Senjata tumpul lebih efektif melawan monster bertipe seperti golem batu…

Yang terpenting…

‘Penggunaan ganda adalah aturan asli untuk Arm Barbarians…’

Karakter Charon menjadi jauh lebih bisa dipercaya. Melihat tampilan barbar itu, aku merasa senang…

Jadi aku menyerahkan beberapa peralatan lagi…

“Bahkan jika kamu tidak membutuhkannya, simpanlah dan menjualnya…”

“Tapi…!”

Tapi, tapi…

Kenapa orang barbar begitu baik?

Jika dia manusia, dia akan tiba-tiba menunjukkan ekspresi keserakahan…

“Jangan lupa bahwa semakin kuat dirimu, semakin nyaman para prajurit muda itu…” ”

…Aku mengerti… Aku Aku pasti akan menjual item ini dan mengubahnya menjadi perlengkapan yang akan berguna bagiku…”

Rasa misi Alasan dia secara paksa memberiku perlengkapan itu sederhana saja…

Jika aku menelannya sendirian, aku akan mendapatkan keuntungan sekitar 200,000 batu…

Dalam jangka panjang, ini akan bermanfaat bagiku…

“Menjadi lebih kuat, Charon, putra Tarson. ·”

“Aku akan… Bahkan jika itu demi rakyatku…”

Di antara enam ras, kaum Barbar adalah yang paling lemah. Masing-masing individu memiliki potensi yang besar, namun sebagian besar mati pada tahap awal.

Tentu saja, jika satu orang berubah, angin perubahan akan segera bertiup. Mereka tidak akan datang… tapi

bagaimana jika jumlahnya mulai meningkat dengan yang satu ini?

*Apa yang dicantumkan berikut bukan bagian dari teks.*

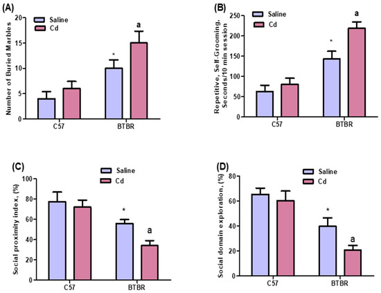 Effects of oral Cd exposure on social behavior in BTBR and C57 mice. Self-grooming (A). Marble burying (B). Social proximity index (C). Social domain (D). BTBR and C57 mice were exposed to Cd (5 mg/kg/day) daily for six weeks. Control C57 and BTBR mice received saline only. All data are shown as mean ± SD (n = 10/group). Different letter indicate significant difference. * p < 0.05 vs. saline-treated C57 mice, ap < 0.05 vs. saline-treated BTBR mice; two-way ANOVA with Tukey’s test.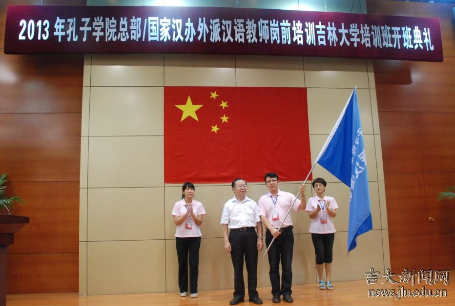 7月20日上午,2013年孔子学院总部∕国家汉办外派汉语教师岗前培训吉林大学培训班开班典礼在吉林大学国家汉办东北基地学术报告厅举行。出席开班典礼的有国家汉办培训督导、原北京语言大学党委书记王路江、国家汉办师资处关嘉彤女士、吉林大学党委书记陈德文及国际合作与交流处、国际语言学院、公共外交学院有关负责人。典礼由吉林大学国际合作与交流处处长兼公共外交学院院长刘德斌主持。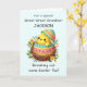 Make Easter extra special for your great-great-grandson with a personalised touch! This bright and cheerful card features a newly hatched chick nestled among colourful spring flowers, symbolising joy and new beginnings. Set against a soft pastel teal background, this charming design comes to life even more when personalised with his name on the front. Inside, a heartfelt message shares love and warm Easter wishes, making this a treasured keepsake just for him.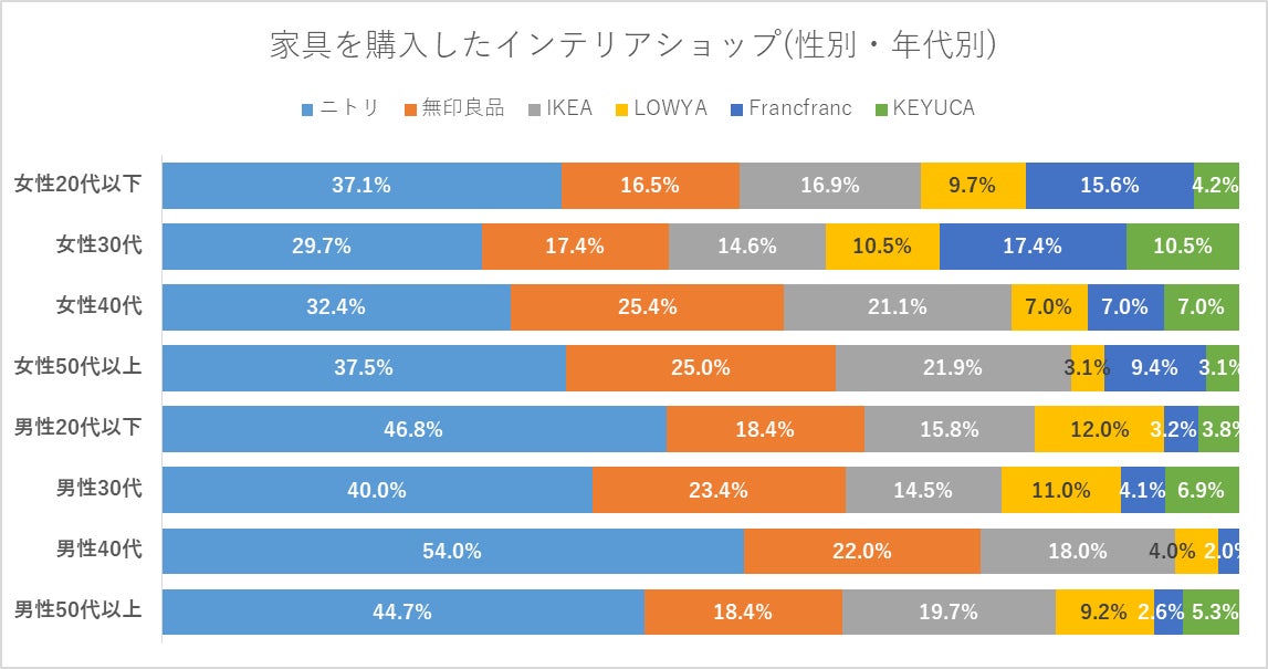 また、「LOWYA」「Francfranc」は30代以下の女性を中心に人気を集めており、30代女性は「Francfranc」で購入した方の割合が「無印良品」と並んで2番目に多い結果となりました。

Jadi bagaimana jika siklus baik terus berlanjut di mana para pejuang muda bertahan hidup meski hanya sedikit dan menjadi penjelajah terbaik?

‘Maka kekuatan kaum barbar juga akan tumbuh lebih besar…’

Suka atau tidak, aku sekarang adalah seorang barbar.

Seiring dengan meningkatnya pengaruh keluargaku, aku menikmati efek tetesan ke bawah. Hal ini

berlaku bahkan ketika melihat pada penyihir. Jika

bukan karena komunitas besar yang disebut Menara Sihir, apakah mereka akan begitu sombong? Bisakah kamu?

“Kalau begitu mari kita bergerak perlahan. Jika seseorang melihat kita, itu mungkin akan mengganggu. ”

Dalam hal ini, aku mengantar Charon ke lantai pertama dan memberinya nasihat tentang berbagai hal selama waktu yang tersisa.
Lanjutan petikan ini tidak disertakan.